One of the many efficient hacks to Alistair’s bench is a dust extraction system he set up recently. Alistair describes the inexpensive rig and how well it’s turned out.
“I used a shop vac piped through the wall with pvc, then through the back of the bench to a flexible hose and funnel,” Alistair explains.
“I bought a Festool CTL for $700 but you could get away with a cheaper one if you needed to. It’s a very compact unit and fits in small spaces. It’s great for under benches. The funnel and hose is an extraction kit from Timbercon (which cost around $40). The vacuum hose is a Dyson knock off from eBay ($30) and a rubber seal from Bunnings.”
Alistair positioned the funnel just under the bench and close to the peg.

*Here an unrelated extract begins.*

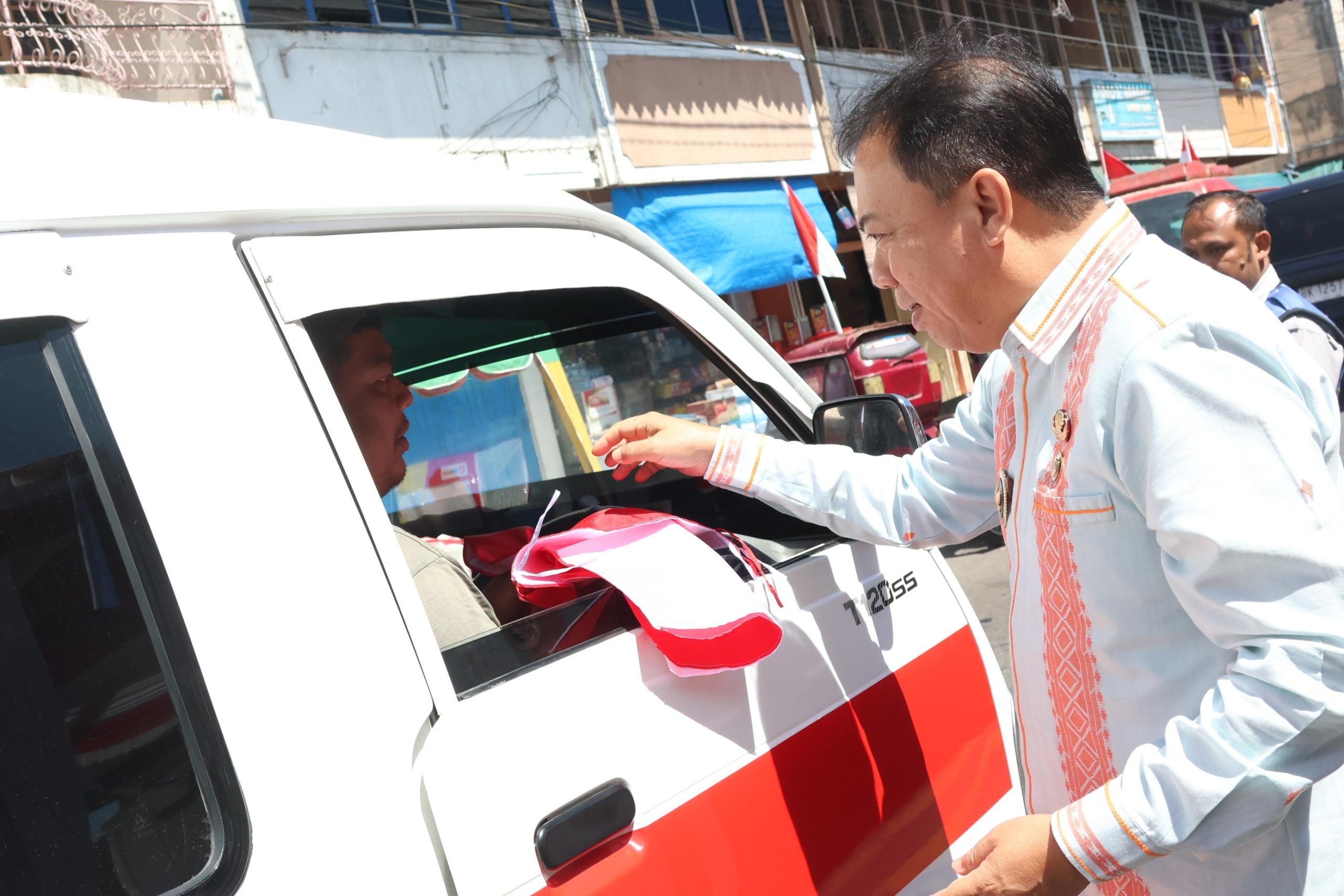 Tapanuli Selatan, Alarmpena.or.id| Menjelang peringatan Hari Ulang Tahun Kemerdekaan Republik Indonesia ke-80 pada tahun 2025, Pemerintah Kabupaten Tapanuli Selatan membagikan 500 bendera Merah Putih kepada pengguna jalan dan pedagang di Sipirok. Kegiatan ini dipimpin langsung oleh Wakil Bupati Tapanuli Selatan, Jafar Syahbuddin Ritonga, bersama Sekretaris Daerah Sofyan Adil dan sejumlah pejabat daerah, berlangsung di Jalan Alun-Alun Pardomuan dan Pasar Sipirok, Kamis (14/8/2025).

“It’s great for collecting dust while working, or just for using when sharpening rubber wheels etc,” he says. “It’s controlled by a remote power switch, also from Bunnings and also only around $40.
“I used to just sweep up the dirty waste with a dustpan and broom, but it never cleaned everything thoroughly. The extractor and vac-hose combo is quick and easy to use and keeps the bench top clean so you reduce the risk of contaminating your lemmel.”

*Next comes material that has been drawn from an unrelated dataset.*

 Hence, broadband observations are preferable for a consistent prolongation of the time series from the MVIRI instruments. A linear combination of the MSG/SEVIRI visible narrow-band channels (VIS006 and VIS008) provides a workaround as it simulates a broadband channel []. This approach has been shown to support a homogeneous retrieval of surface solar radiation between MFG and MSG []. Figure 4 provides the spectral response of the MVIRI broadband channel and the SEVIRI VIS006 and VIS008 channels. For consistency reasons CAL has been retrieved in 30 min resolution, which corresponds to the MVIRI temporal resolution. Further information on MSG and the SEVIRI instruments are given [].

1/3 Alistair’s impressive bench set-up, with Ikea hacks, slide-away soldering station, 3D-printed stands and more.
2/3 The under-bench funnel for Alistair’s dust extraction system. It pipes back through a false wall behind the bench to the pump and compressor in the far corner of his studio.
3/3 Alistair says he’s yet to fully enclose the working end of the extractor kit and that doing so would cut down on the noise, but he’s satisfied that the system is working well.